Tim DeMello: Think along with me about what it's like to build a startup company. Here I am, the budding entrepreneur. I have next to nothing. No money, no credibility. I also have a big challenge: I have to get people to understand who I am, what my company does, what we have to offer. I not only have to sell my product or my service, I also have to sell my company to the people I want to work for me -- people who will have to give up really good careers for this unknown startup. I also have to sell my company to people who will invest capital in it. I have to sell my company to vendors, to get them to extend me credit.
The point is that in the early stages of my startup, I have absolutely no credibility. So my challenge becomes, How do I use somebody else's credibility?
That was one of the ideas that I used to start Streamline. I looked at large corporations and saw what they had that we could use: not just money, but also credibility -- name and presence. Here's why: It makes a huge difference if I introduce myself as Tim DeMello, an entrepreneur who wants to deliver your groceries, or if I introduce myself as Tim DeMello, an entrepreneur whose company has received a total of $10 million in investment capital from organizations like GE Capital and Intel. Does that change your opinion of Streamline? The message is this: Large corporations represent a wealth of resources for the entrepreneur to tap.
The other major insight that we built into Streamline was a philosophy of the customer. Our model wasn't to push the consumer. It wasn't about taking a product and figuring out how to get it into the home. We started with the consumer -- the time-starved consumer who's looking to outsource pieces of his or her day-to-day needs. We decided to create value around the consumer relationship, to ignore the old supply chain, and to build a new one -- based on pull from the consumer.
That's where merchandisers are going wrong with the Internet today. They're using it as a mass-marketing tool. What consumers really want from the Net are the same things they want from retail stores: simplicity, service, and an experience that is built around them, not around the product.
Mary Furlong: Like Tim, I'm the founder of a company, ThirdAge Media. And before that, I started SeniorNet, 15 years ago. When I think about what it takes to make a successful startup, I ask three questions: What am I doing to build value? Do I have the right team in place? And -- in terms of using my own time and energy -- am I the right person for my particular team? Of these, the second is the hardest to answer -- because it requires you to be brutally honest about people who often are truly committed to getting your startup off the ground.
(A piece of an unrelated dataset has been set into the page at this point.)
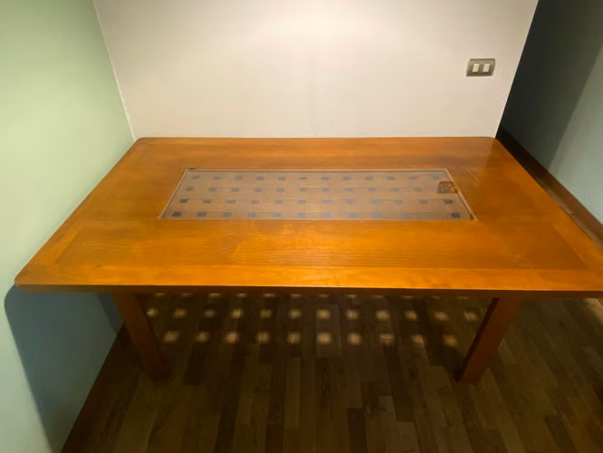 Mesa usada: Presenta algunos detalles estéticos por el uso, como rayaduras visibles en la superficie de la madera raulí (ver fotos).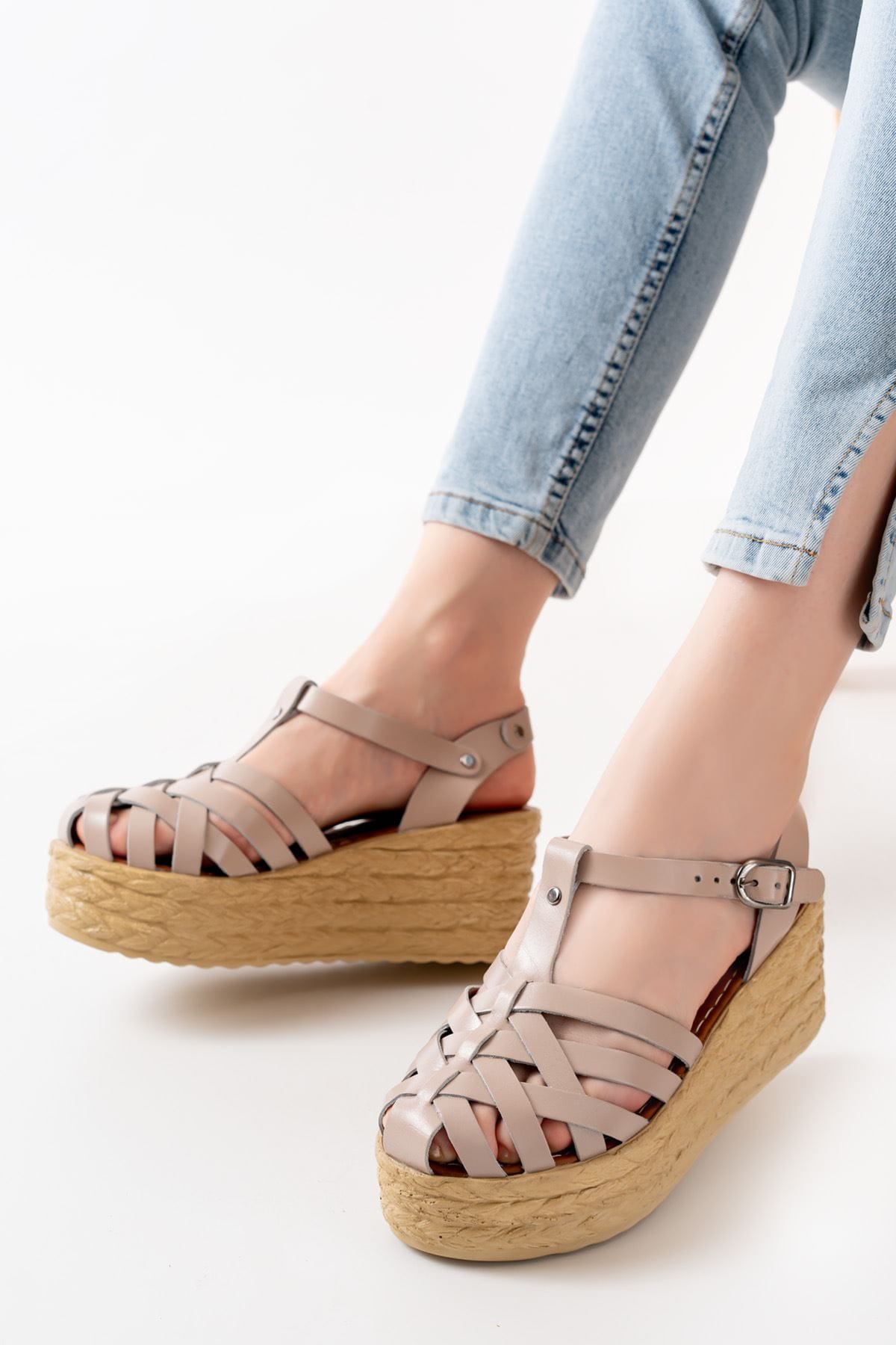684-02 Bej Ortopedik Hakiki Deri Dolgu Kadın Sandalet

I read in a Fast Company interview with venture-capitalist John Doerr, of Kleiner Perkins, that the dirty little secret of startups is that people get popped out of them all the time -- even the founders. This is not something that they tell you when you start your own company: Your company may survive, but you may not. But it happens all the time.
All companies go through growing pains. The team you start with isn't going to be the team you end with. In the past three years, we've gone from 1,000 members to being bigger than the city of Atlanta -- and we're on our way to being bigger than the city of New York. As you go through changes like that, an individual team member's skills may no longer match the company's growth and direction. One job of the leader is to make changes that help the company to maintain its momentum and that treat people in a fair and considerate way.
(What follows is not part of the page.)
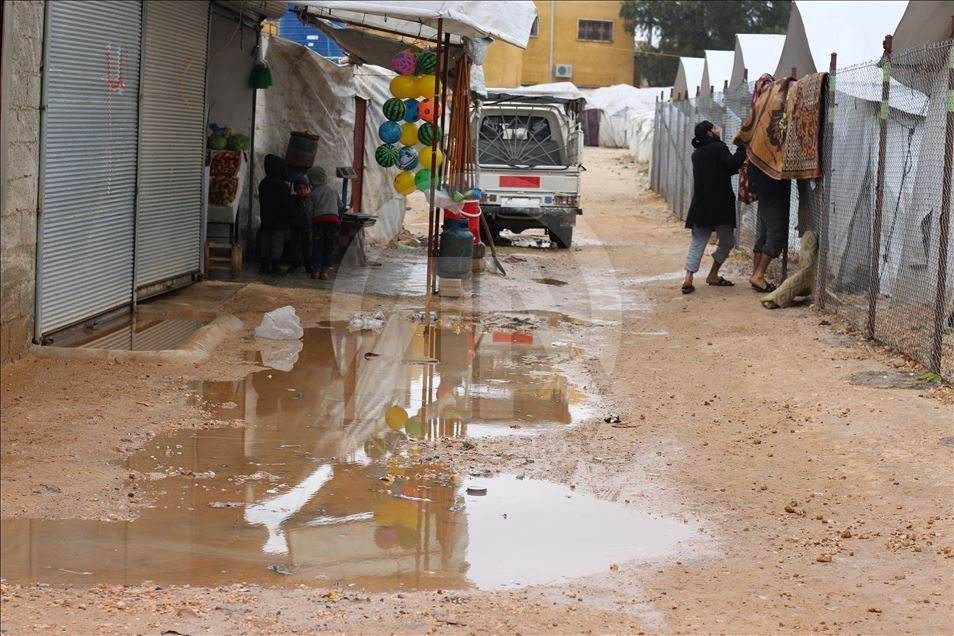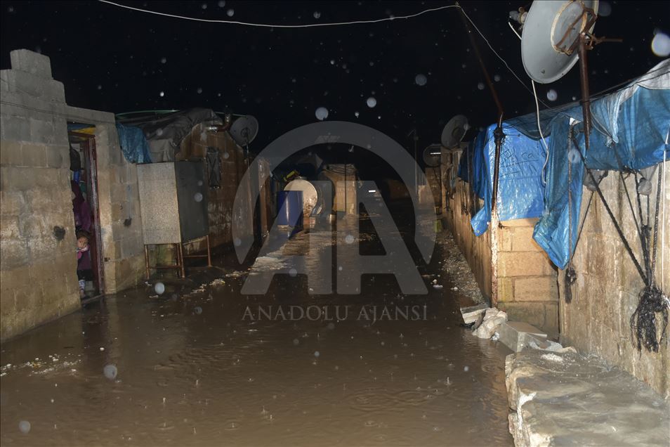 İdib'in kuzeyinde sınır hattındaki Hırbıt El Cuz, El Zuf, Derküş, Sermada, Kefer Lusin ve Atme bölgelerindeki yüzlerce çadır kent, şiddetli yağıştan olumsuz etkilendi.

But change is part of any company's story. We all have to ask, "What value do we bring to the table? How is that changing?" Right now, I'm looking for a new team member, an executive who can build the company and direct it to the next level as CEO. My role will change to become the company's chair. It's all a matter of having the right person at the right spot at the right time.
Nick Shore: What I see a lot of these days are giant companies trying to operate like startups -- slow companies trying to be fast. I'm working with one company in which the top leaders created a team that would work with startups. The team came right back at the leaders and said, "We're going to take you at your word -- we're going to operate like a startup too. And that means we're going to claim autonomy for ourselves." If the team hadn't done that, it would have just become embedded in the quagmire of the old organization's structure. Companies have brilliantly crafted jewels that are stuck in ugly, awful boxes.